Exercise instructions: Please repeat exactly the lines from the one containing "Pour ceux qui" through the last line of the records below, leaving out any pictures.

** Opening Stored data block **

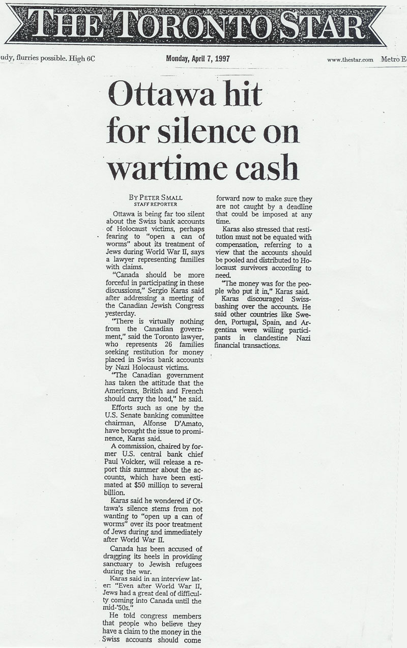 | Ottawa hit for silence on wartime cash | The Toronto Star (Canada) | 07-Apr-97 | Download |
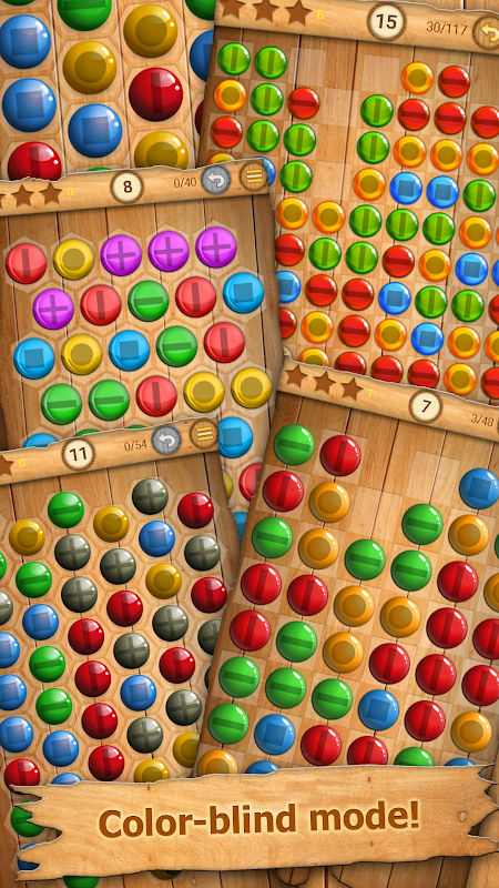 * توپ شکن افرادی که با رنگ ها پشتیبانی می کند. برو به تنظیمات و روشن / خاموش "رنگ کور" حالت یک "چشم" آیکون کلیک کنید.
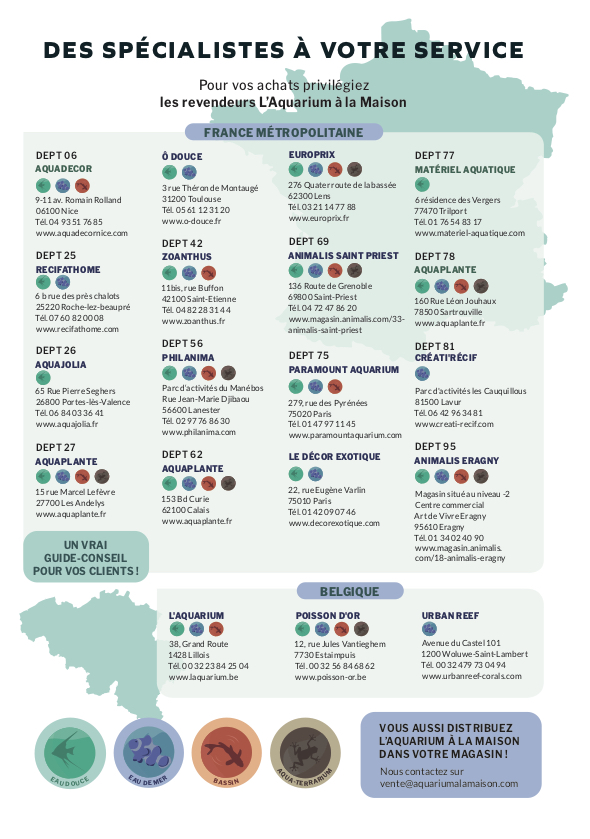 Pour ceux qui n’ont pas la patience d’attendre de le recevoir par la poste, il est possible de retrouver le hors-série auprès des revendeurs aquariophiles.
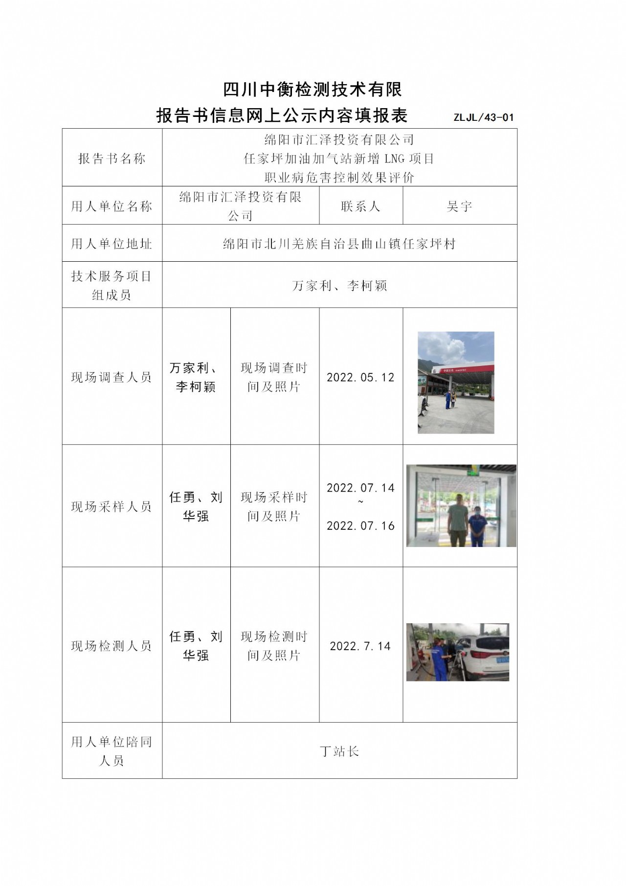 綿陽市匯澤投資有限公司 任家坪加油加氣站新增LNG項目 職業病危害控制效果評價
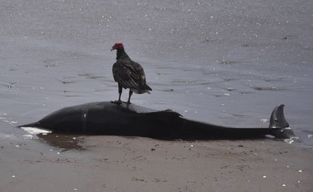 Спасатели предполагают, что в субботу вечером 13 дельфинов-афалин выбросились на берег острова Кинга, а на следующий день на песчаный пляж расположенного рядом крошечного острова Новогодний выбросились сразу 80 дельфинов - афалин и гринд.
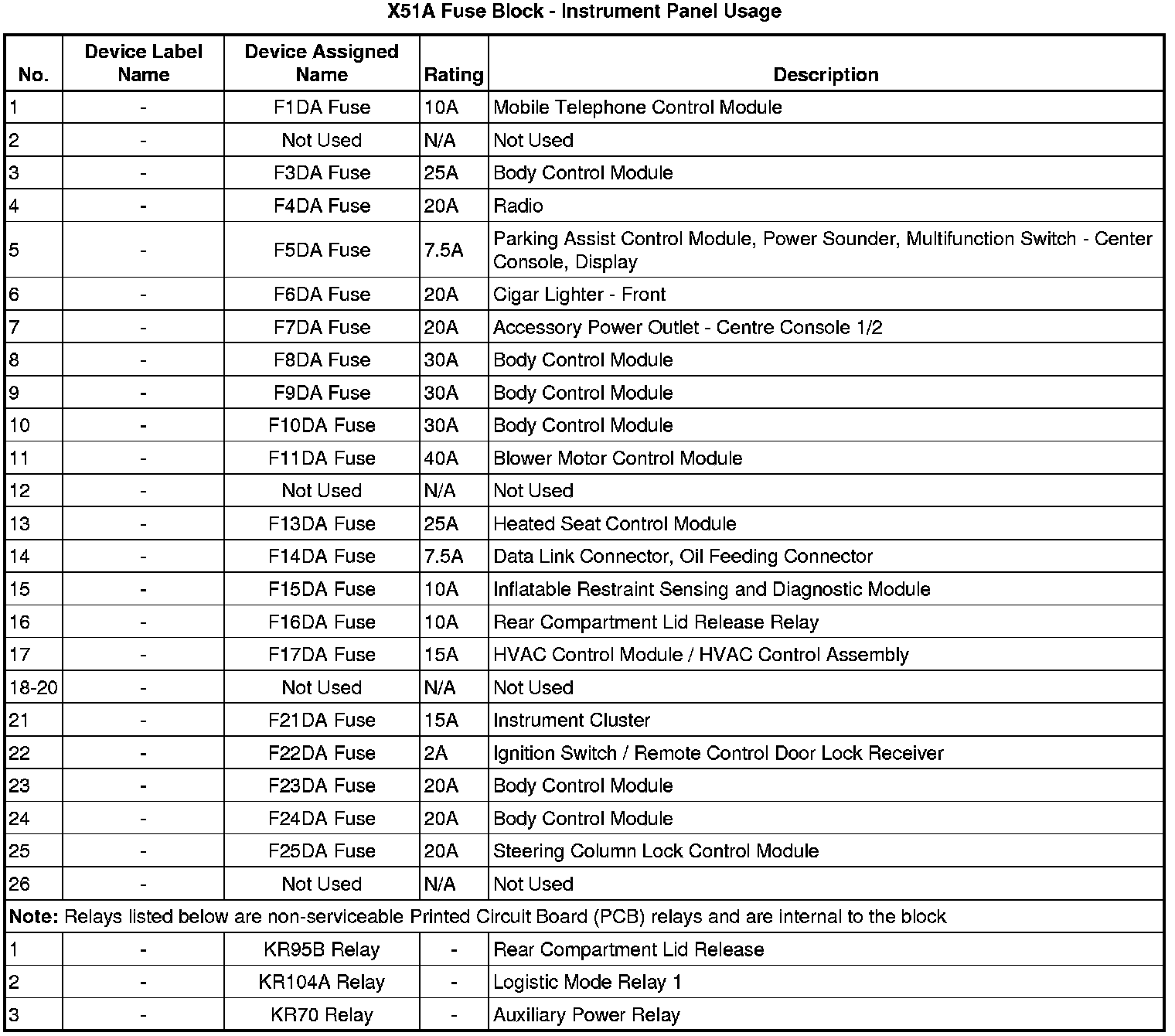 X51A Fuse Block - Instrument Panel Label
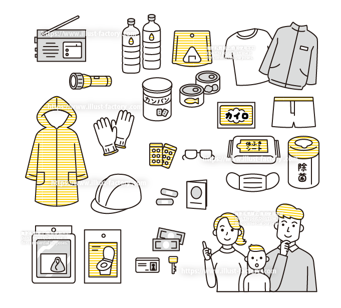 防災グッズのセットイラストイラスト - No: 22653785無料イラスト・フリー素材なら「イラストAC」。

** Closing Stored data block **

Completed exercise:
 Pour ceux qui n’ont pas la patience d’attendre de le recevoir par la poste, il est possible de retrouver le hors-série auprès des revendeurs aquariophiles.
 綿陽市匯澤投資有限公司 任家坪加油加氣站新增LNG項目 職業病危害控制效果評價
 Спасатели предполагают, что в субботу вечером 13 дельфинов-афалин выбросились на берег острова Кинга, а на следующий день на песчаный пляж расположенного рядом крошечного острова Новогодний выбросились сразу 80 дельфинов - афалин и гринд.
 X51A Fuse Block - Instrument Panel Label
 防災グッズのセットイラストイラスト - No: 22653785無料イラスト・フリー素材なら「イラストAC」。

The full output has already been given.